Keuntungan yang ditawarkan ketika industri ataupun mitra menggunakan teknologi yang sudah dikembangkan oleh BRIN, yakni sudah siap diimplementasikan. Selain itu juga mendapatkan pendampingan selama proses menggunakan teknologi, dan BRIN terbuka untuk melakukan pendampingan.

Berbagai upaya komersialisasi telah berjalan, termasuk kemitraan strategis dengan pemda, PT Nuang Prima, dan PT Sedana. Kerja sama ini menyoroti keberhasilan transfer teknologi dan branding produk yang kini dikenal di bawah merek Mocca Pasta.

“Dari penjualan produknya, mereka juga bisa memberdayakan tenaga kerja lokal untuk peningkatkan nilai ekonomi. Komoditas pertanian lokalnya serta tentunya bisa memberikan kontribusi terhadap ketahanan pangan nasional,” tutur Enny.

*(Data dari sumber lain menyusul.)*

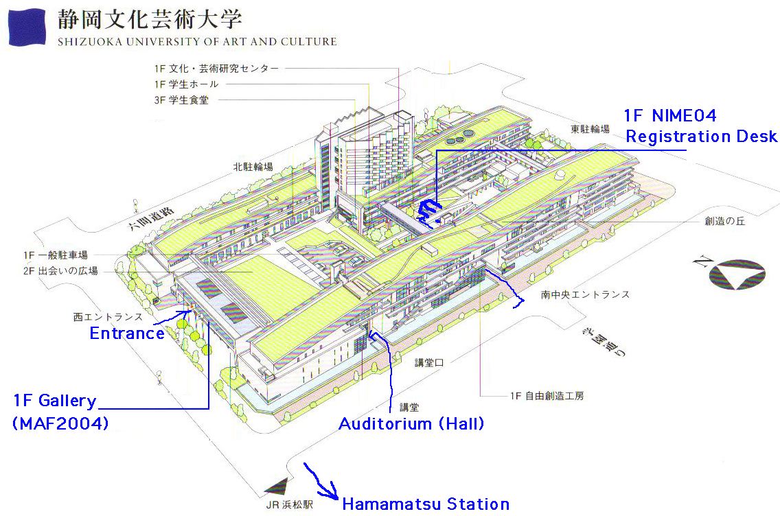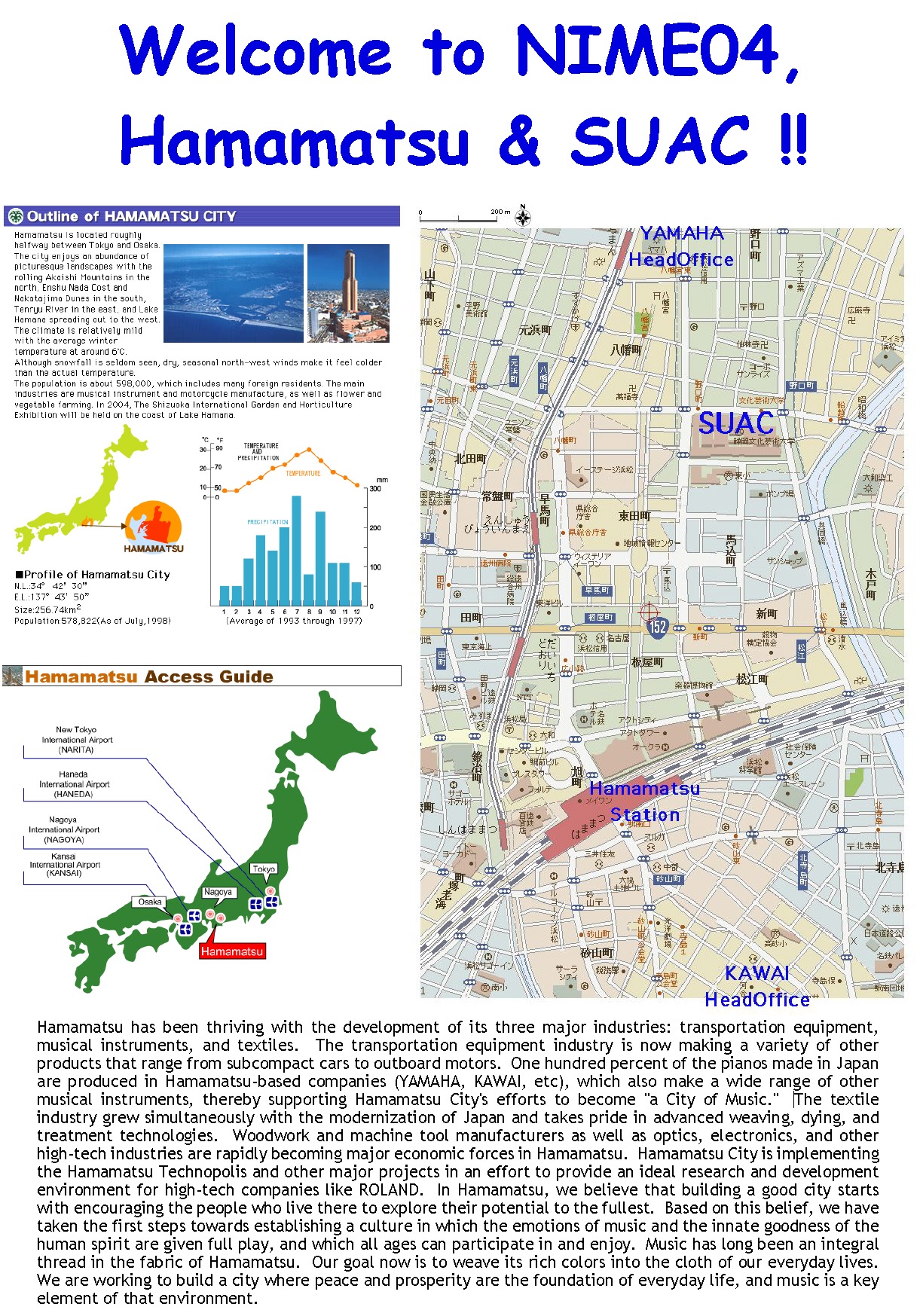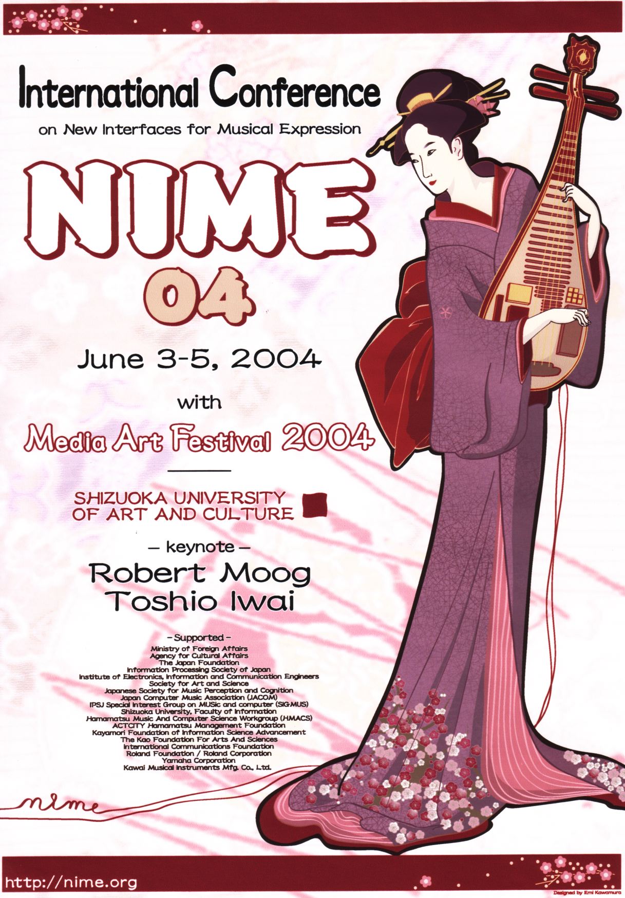 NIME04 kept up with NIME01, NIME02 and NIME03 spirit. The conference was hosted by Shizuoka University of Art and Culture (SUAC) in the "city of musical instruments" Hamamatsu, Shizuoka, Japan.

Sementara itu, Kepala PRKM BRIN Roni Maryana, menyampaikan rasa syukur dan apresiasi atas konsistensi penyelenggaraan forum tersebut. Ia menegaskan bahwa Jejak Kimia Molekuler bukan sekadar wadah diseminasi atau pemaparan hasil penelitian.

“Forum ini menjadi jembatan penting yang menghubungkan riset dasar di laboratorium dengan riset terapan di industri dan masyarakat. Sehingga hasil penelitian dapat memberikan manfaat nyata dan berdampak luas,” ujarnya.

Roni mengatakan, pengenalan purwarupa menunjukkan bahwa riset BRIN tidak berhenti pada publikasi ilmiah.

“Di sisi lain, berkembang menjadi inovasi terapan yang meningkatkan nilai tambah sumber daya lokal dan memperkuat kemandirian teknologi nasional,” pungkasnya.